その姿を見て、顔色が青く変わるザックさん処の子供達?
「ふ…鎧熊より怖え…」
「あ、ああ。」
皆固まる。うん?
「父ちゃん…」
あ、ああ。ビルックの威圧か…うちのは皆慣れてるからね。
しかし、感じたのだなぁ。格?それとも、魔力の訓練をして感じやすくいなってるのか…
「大丈夫…だ。」
「あ?ごめん、ごめん。寝るとき以外は魔法の鍛錬をしてるんだよ。魔力を体の中に巡らせているんだ。君たちも修練に取り入れるといいよ。」
「ふふふ。すぐに慣れるよ。ビルックは優しいから大丈夫だよ。彼が、うちの中でも一番、魔力の扱いに長けていてね。すべては料理のため…ただの料理馬鹿だよ。」
「酷いな。父さん。じゃ、作っちゃおうか」
頼むよビルック。
「さぁ、食え。遠慮するな。」
テーブルの上に果物、焼き菓子、果汁、大人には紅茶。てんこ盛りだ。ご飯迄のつなぎだ。
「良いの?”勇者”様?」
よだれ出てるぞ。
「ああ食え。うまいぞ!」
{いただきます}
「う、美味い!」
「おいしい!」
「これイチゴ?でか!」
概ね好評のようだ。
「で、ザックさん、どうなっちまったんだ?クビなんて。それにこの子たち…」
「ミツル殿!」
ドルトン老が立ち上がる。ああ。いい勘だ。
「大丈夫。”悪魔”だけど、仲間…娘みたいなものだ。で。ルカちゃんどうしたのよ?」
「私がいないと始まらないわよ。ねぇ?ザックさん、無事に到着。おつかれ様。」
「”悪魔”…め、」
「あら、酷いわね。」
「父ちゃんのいぢめるな!突くぞ!」
勇敢だな!ラディ君だっけ?
「ラディ、大丈夫だ。おいで。ミツル殿、あの後、”悪魔”とこの子たちの話…」
「ああ。聞かせてもらおうか。」
あの後…決別の日のその後…小物の台頭、無理難題、そして騎士団を追われる。で世話焼きルカちゃんのお節介。いや、善行としておこうか。ルカちゃん、そんなに徳を重ねて…天使にでもなるつもりかね。(閑話ザックの冒険で)

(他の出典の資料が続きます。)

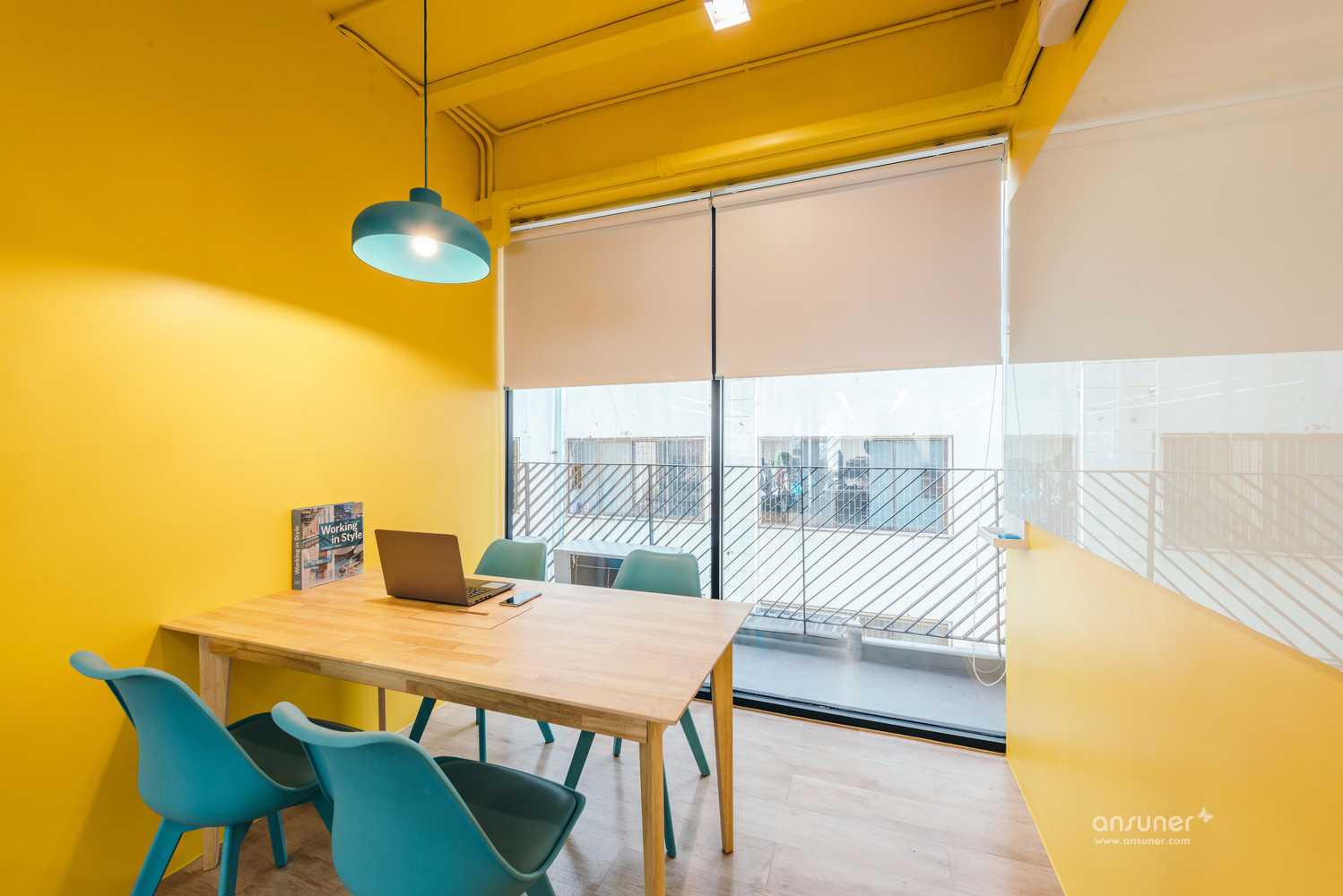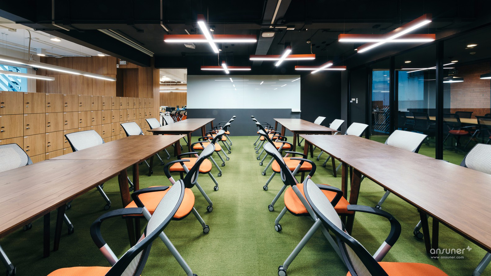 另一个有趣的方面就是该建筑的立面由百叶窗组成。这个铝制的百叶窗立面以对角线的方向设立来展现这个公司的特点并非简单的直线如此普通的设计。这种延续的对角线试的百叶窗提供了一种生气勃勃且流畅的感觉。因此在楼层之间也没有阻挡的框架。

「予想通りというか…それで、王様が引きこもって、新たな暴君が登場?」
「そんな大した玉じゃないわよ。食い散らかして逃げる…ゴキブリ程度。」
「ルカちゃん、何やってんのよ…ザック殿も災難だったな。」
「い、いえ…」
「…そうだったんだ…」
「…父ちゃん…」
そうだよな…少なからずショックだわな。自分の部下の命の交換条件…子供たちの表情に影がさす。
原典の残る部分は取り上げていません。